Epoch [14/50], Step [570/1962], Loss: 0.29926, Disc Loss: 3.87392, Dur Loss: 0.39325, CE Loss: 0.01577, Norm Loss: 0.35677, F0 Loss: 1.75810, LM Loss: 1.10381, Gen Loss: 7.37969, Sty Loss: 0.11163, Diff Loss: 0.81120, DiscLM Loss: 0.00000, GenLM Loss: 0.00000, SLoss: 0.00000, S2S Loss: 0.05180, Mono Loss: 0.18753

But when I looked at the checked point the file name is epoch_2nd_00009.pth and it stopped recording six hours before than when I halted the code via the terminal window in VSC.

Also, something confusing is why we need to Download and extract the LJSpeech dataset if only we are doing fine tuning. Did you extract the database, and up-sample to 24kHz and then place it on log_dir: Models/LJSpeech?

Thank you!!!

IIEleven11 commented 11 months ago

I ran the fine tuning using Visual Studio Code(VSC) and this was the last output log:

Epoch [14/50], Step [570/1962], Loss: 0.29926, Disc Loss: 3.87392, Dur Loss: 0.39325, CE Loss: 0.01577, Norm Loss: 0.35677, F0 Loss: 1.75810, LM Loss: 1.10381, Gen Loss: 7.37969, Sty Loss: 0.11163, Diff Loss: 0.81120, DiscLM Loss: 0.00000, GenLM Loss: 0.00000, SLoss: 0.00000, S2S Loss: 0.05180, Mono Loss: 0.18753

But when I looked at the checked point the file name is epoch_2nd_00009.pth and it stopped recording six hours before than when I halted the code via the terminal window in VSC.

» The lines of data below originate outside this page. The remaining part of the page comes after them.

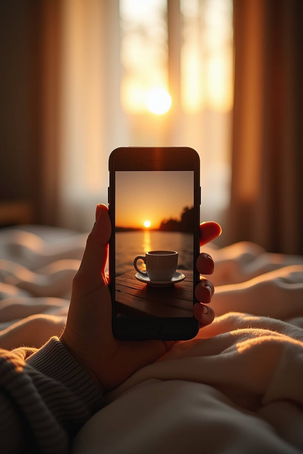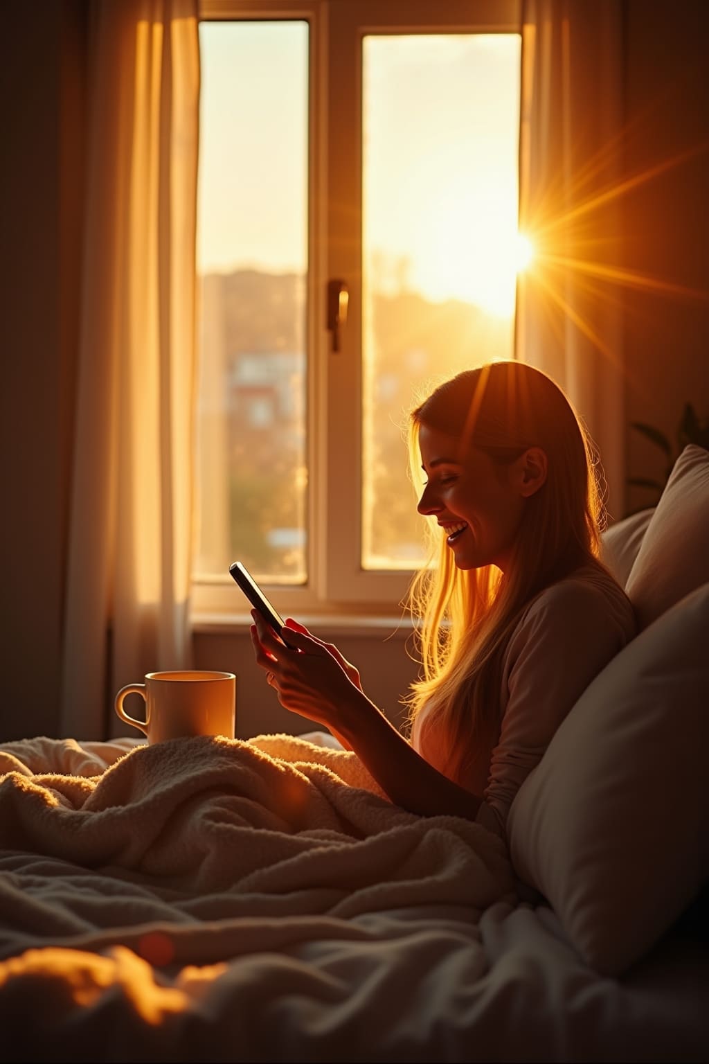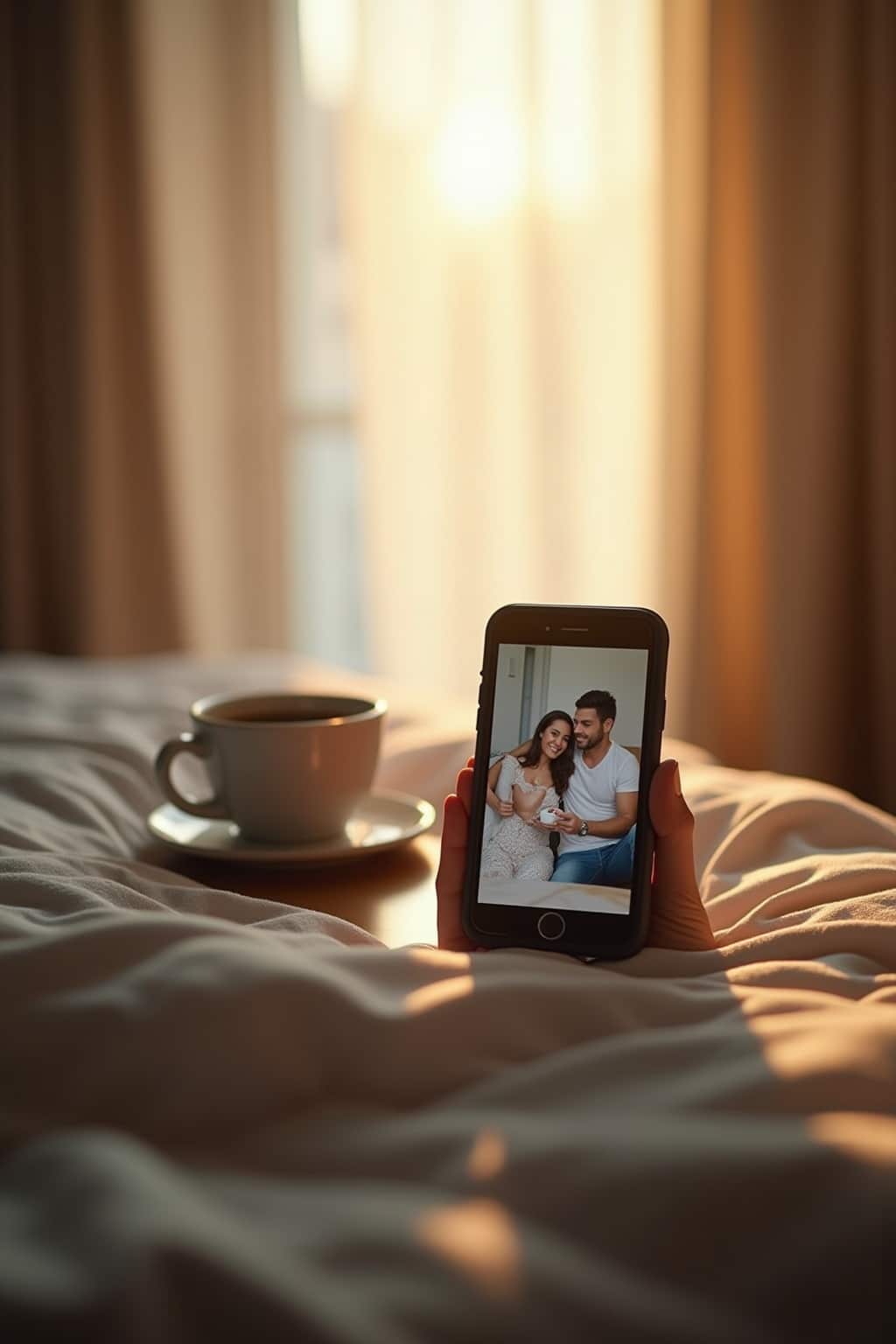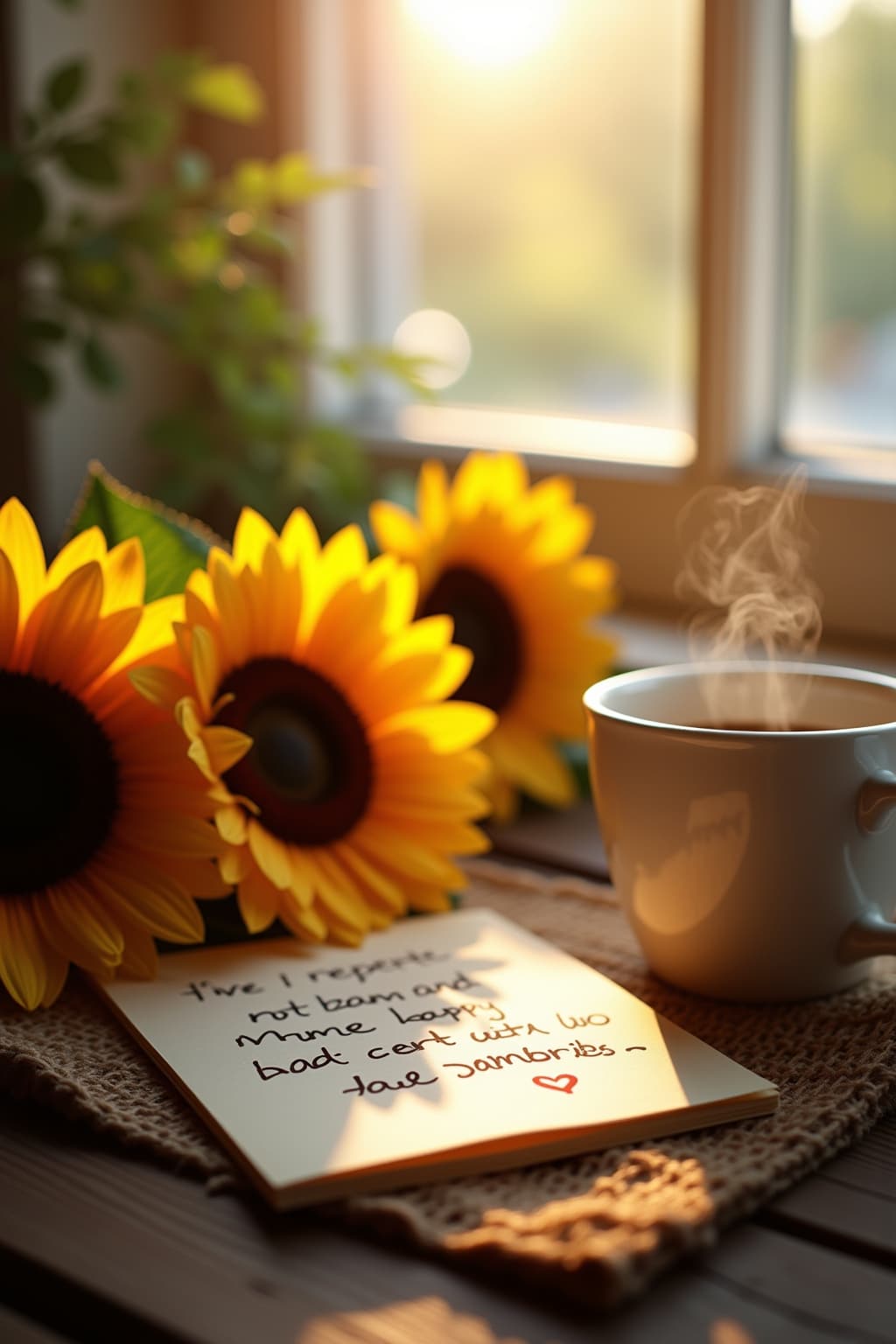 3. A steaming coffee cup beside an open window for cozy, intimate messages
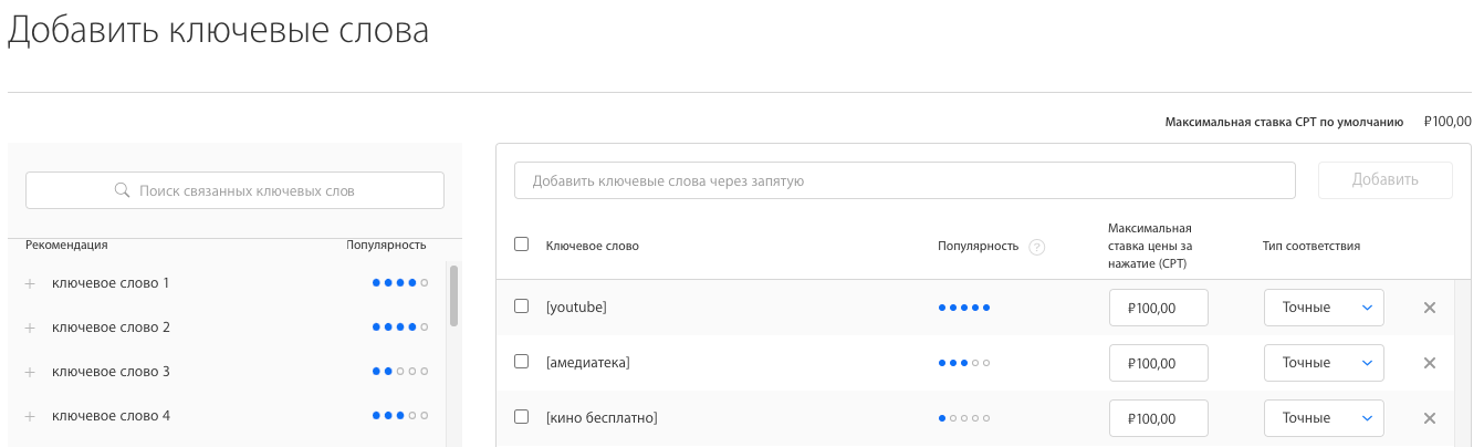 Для большей управляемости и последующей оценки performance-показателей рекомендуем использовать [точное] соответствие.
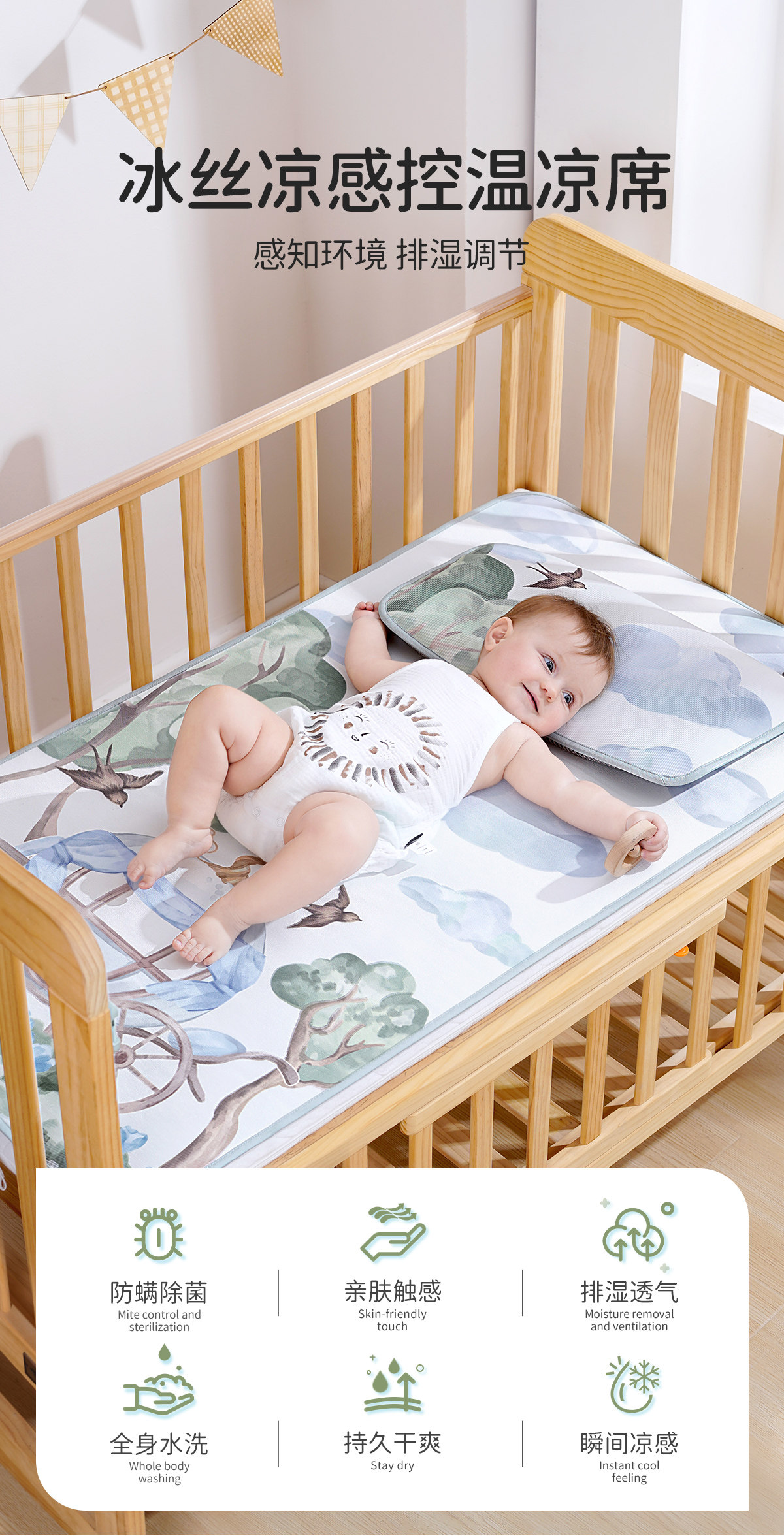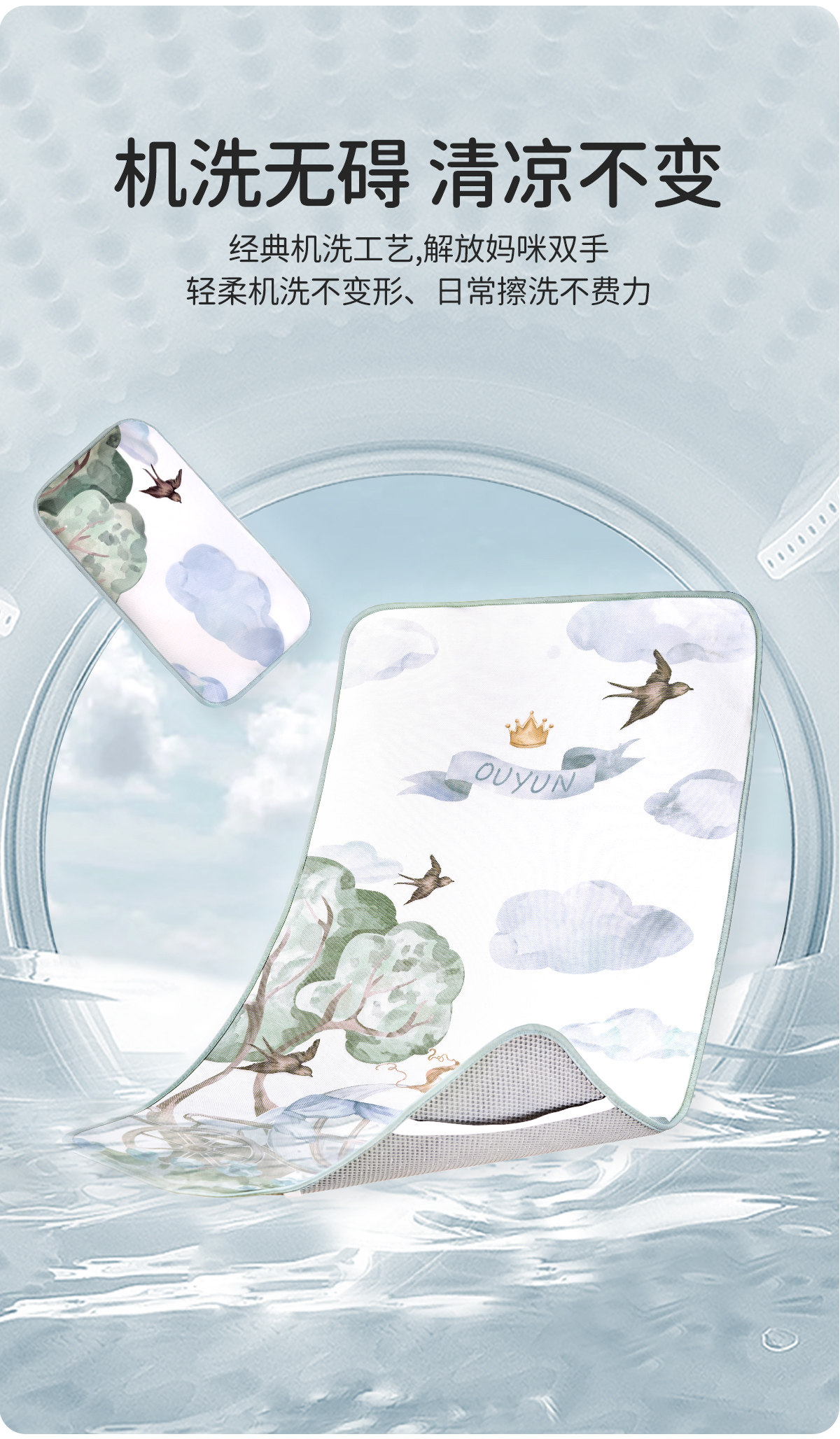 欧孕 Детский шелковый коврик для детского сада для сна, летняя дышащая кроватка, можно стирать

Also, something confusing is why we need to Download and extract the LJSpeech dataset if only we are doing fine tuning. Did you extract the database, and up-sample to 24kHz and then place it on log_dir: Models/LJSpeech?

Thank you!!!

It looks like it crashed for some reason. Your terminal should've had a traceback. You probably have it set to save checkpoints at everything 10th interval. Because computers count from zero and not one that means it saved the 9th epoch.

Uhm you just need the OOD_List from the dataset. For simplification I just included the download.

Correct, there is no reason to up sample lj speech dataset. I will clarify that in the readme.